[Task requirements] The line holding "Watch birds or" is the last one to output; start at the first line of the data, keep every line in between exactly, and leave out pictures.

§ §

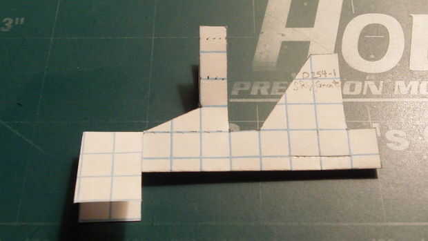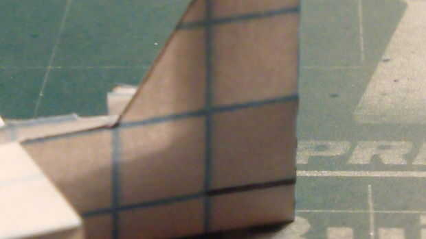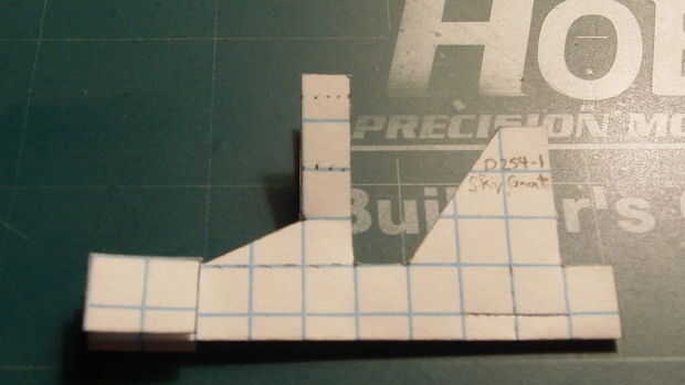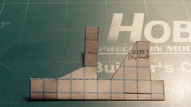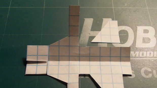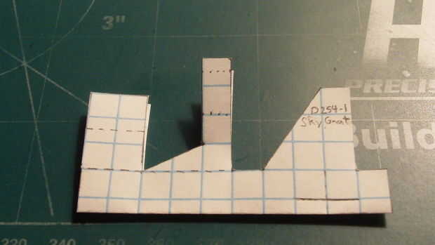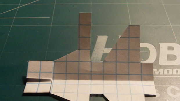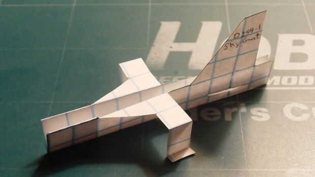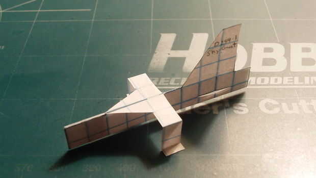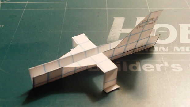 Empezar a hacer el fuselaje de su fuselaje lo cortando y doblando el contrapeso. A continuación, cortar uno de los estabilizadores verticales y plegar el tren de aterrizaje y mástiles. Una vez hecho esto, el estabilizador vertical hacia adelante a lo largo de la línea vertical punteada del doblez y corte a lo largo de la línea horizontal como se muestra. A continuación se despliegan. Una vez este finalizado, cinta de designado.
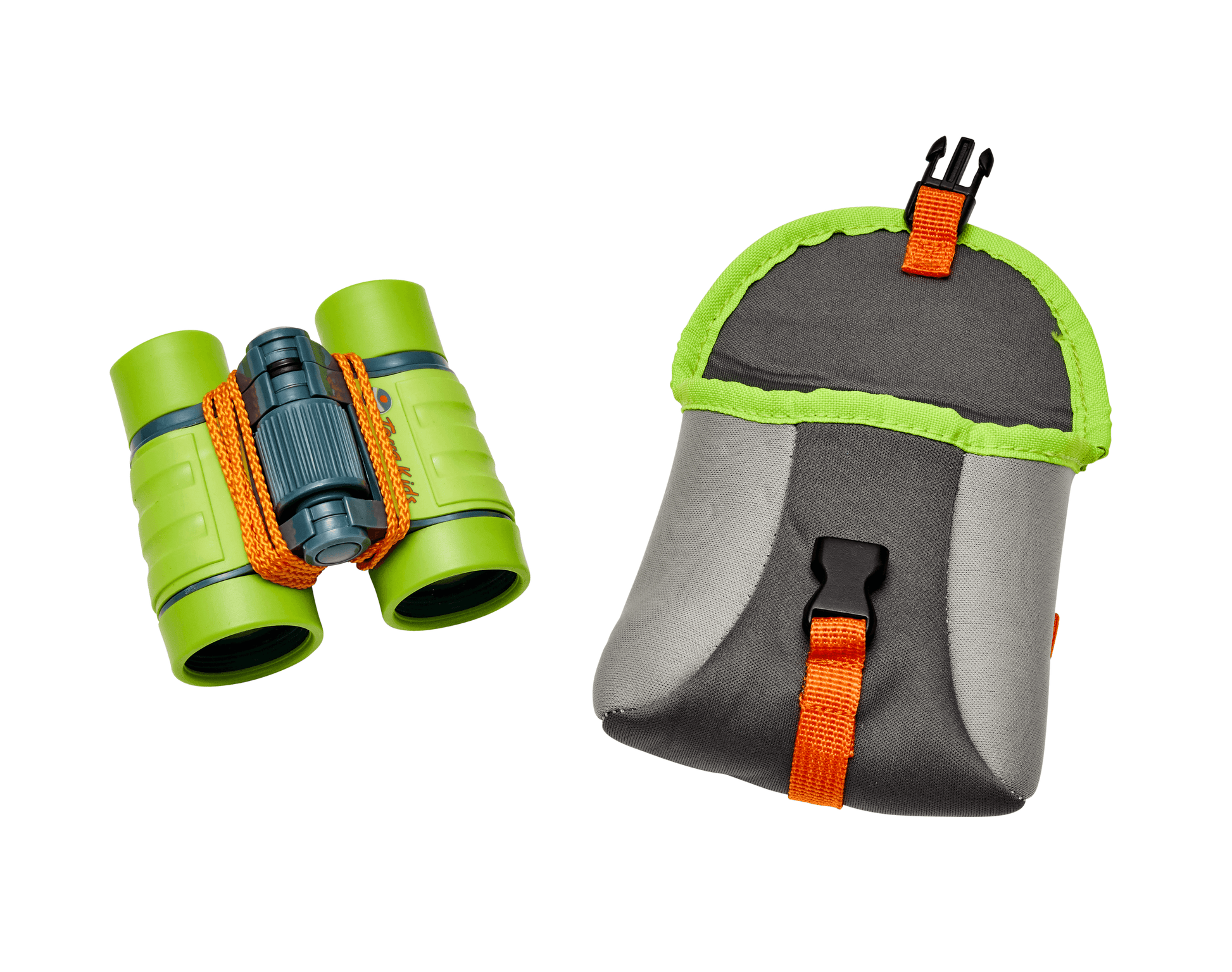 Watch birds or spot a deer with these expertly-crafted binoculars that magnify 4x! Packaged in a neoprene shoulder bag with a snap fastener and an aluminum carabiner, these binoculars feature rubberized lens guard bumpers, soft and adjustable eye-piece spacing, a focus knob, and a break-free neck strap for a safe and fun viewing experience.
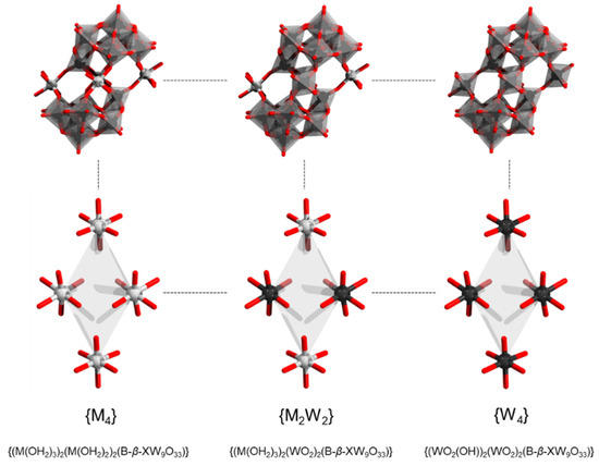 Interaction of α-[XW9O33]9− with heterometals (M) can lead to a wide range of structures differing in terms of POM ligands and interconnecting heterometal centers. As the trilacunary α-[XW9O33]9− are polydentate ligands, their combination with high-coordinate cations (e.g., lanthanides or actinides) can result in many possible connectives and occasionally in oligomeric POM assemblies with impressive tungsten nuclearities [56]. However, for improved synthetic and structural control, trilacunary α-[XW9O33]9− have often been reacted with transition metal cations that have more modest coordination numbers, ultimately leading to a lower number of connecting possibilities.
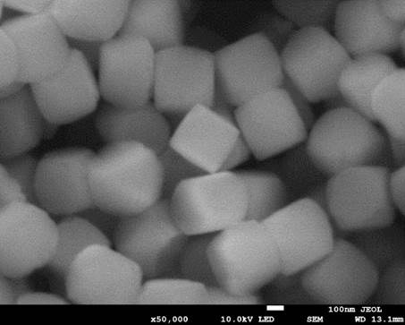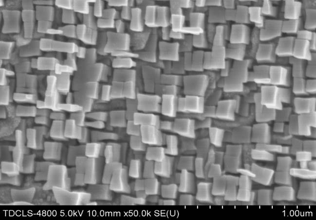 作品介绍:合成的高熵钙钛矿氢氧化物立方块-用JSM-7800F扫描电子显微镜拍摄,然后用Photoshop对立方块进行上色美化处理。
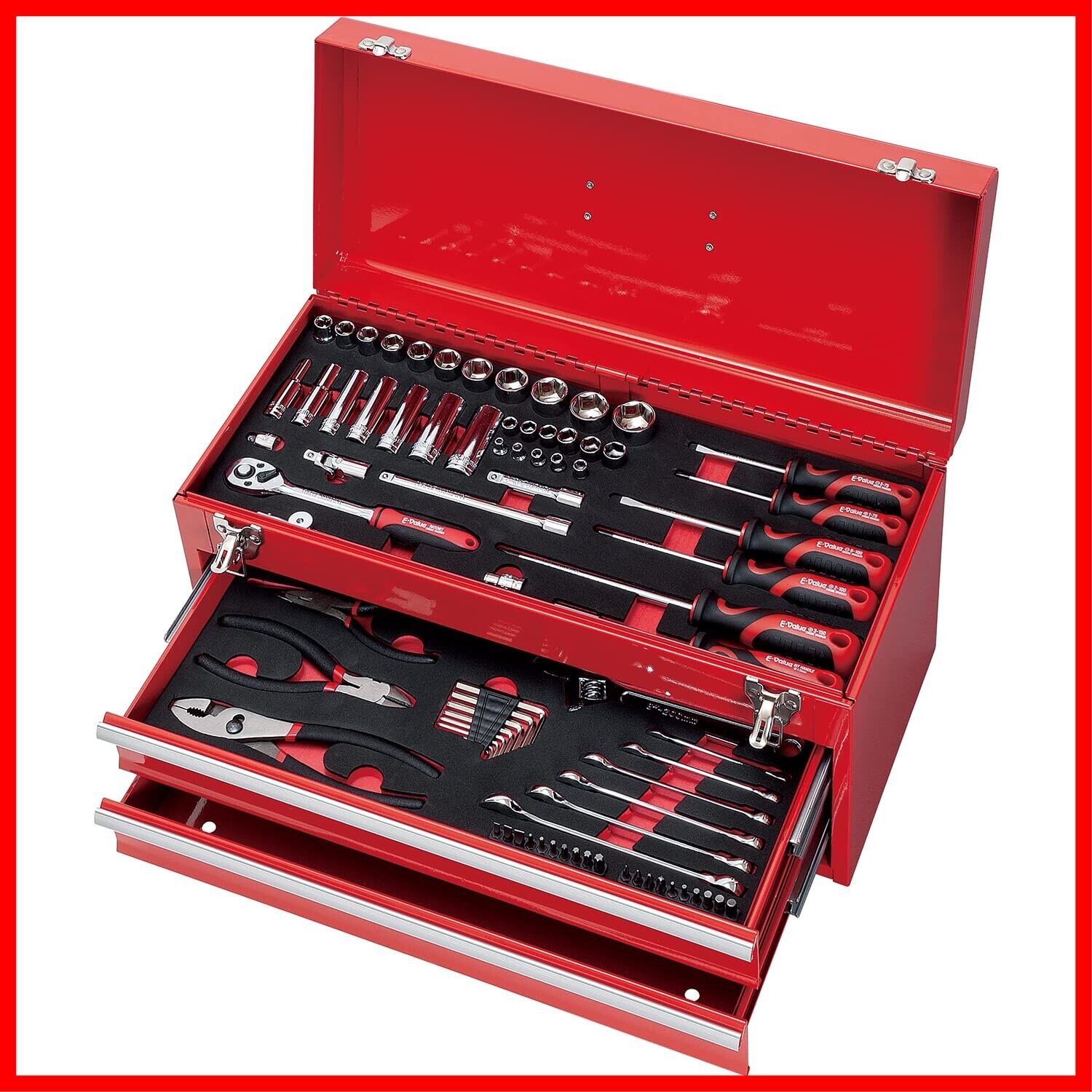 イーバリュー(E-Value) 整備工具セット ツール80点+ツールチェスト レッド EVAマットトレー仕様 各種メンテナンス作業対応 バイク 自動車 EST-2280RE
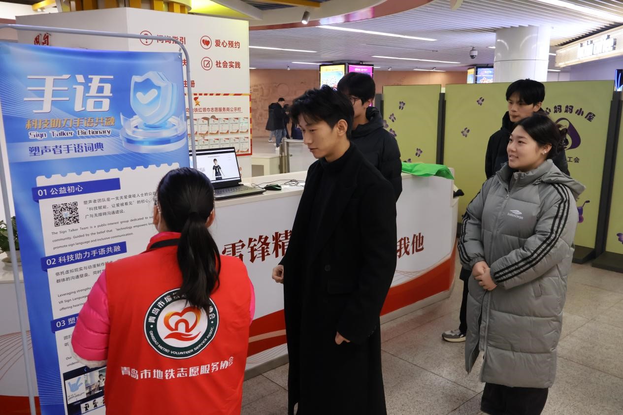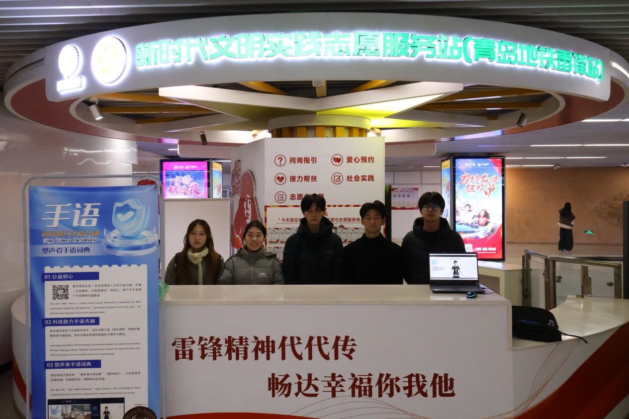 为推动专业技术与劳动教育深度融合,以科技力量打通无障碍沟通壁垒,劳动周期间,信息工程系师生携自主研发成果“塑声者手语词典”走进青岛地铁李村站,开展“青听无声,元宇宙手语共生”劳动教育特色实践活动,以“专业研发+场景实践”双模式,实现劳动教育与公益服务的精准衔接,为无障碍沟通事业注入青春科技力量。
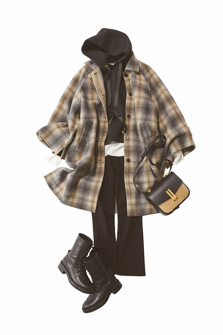 コート¥132,000(ドローイングナンバーズ/ドローイングナンバーズ 新宿店)パーカ¥16,500(シークレット・トロフィー/kokode.jp)カットソー¥13,200(ウィム ガゼット/ウィム ガゼット 青山店)デニムパンツ¥37,400(シチズンズ・オブ・ヒューマニティ)バッグ¥101,200(DEMELLIER/TOMORROWLAND)ブーツ¥60,500(ツル バイ マリコ オイカワ)
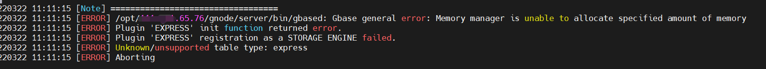 启动日志位于【/安装目录/IP/gnode/log/gbase/】下的system.log,报错信息如下:

§ §

[Output]
 Empezar a hacer el fuselaje de su fuselaje lo cortando y doblando el contrapeso. A continuación, cortar uno de los estabilizadores verticales y plegar el tren de aterrizaje y mástiles. Una vez hecho esto, el estabilizador vertical hacia adelante a lo largo de la línea vertical punteada del doblez y corte a lo largo de la línea horizontal como se muestra. A continuación se despliegan. Una vez este finalizado, cinta de designado.
 Watch birds or spot a deer with these expertly-crafted binoculars that magnify 4x! Packaged in a neoprene shoulder bag with a snap fastener and an aluminum carabiner, these binoculars feature rubberized lens guard bumpers, soft and adjustable eye-piece spacing, a focus knob, and a break-free neck strap for a safe and fun viewing experience.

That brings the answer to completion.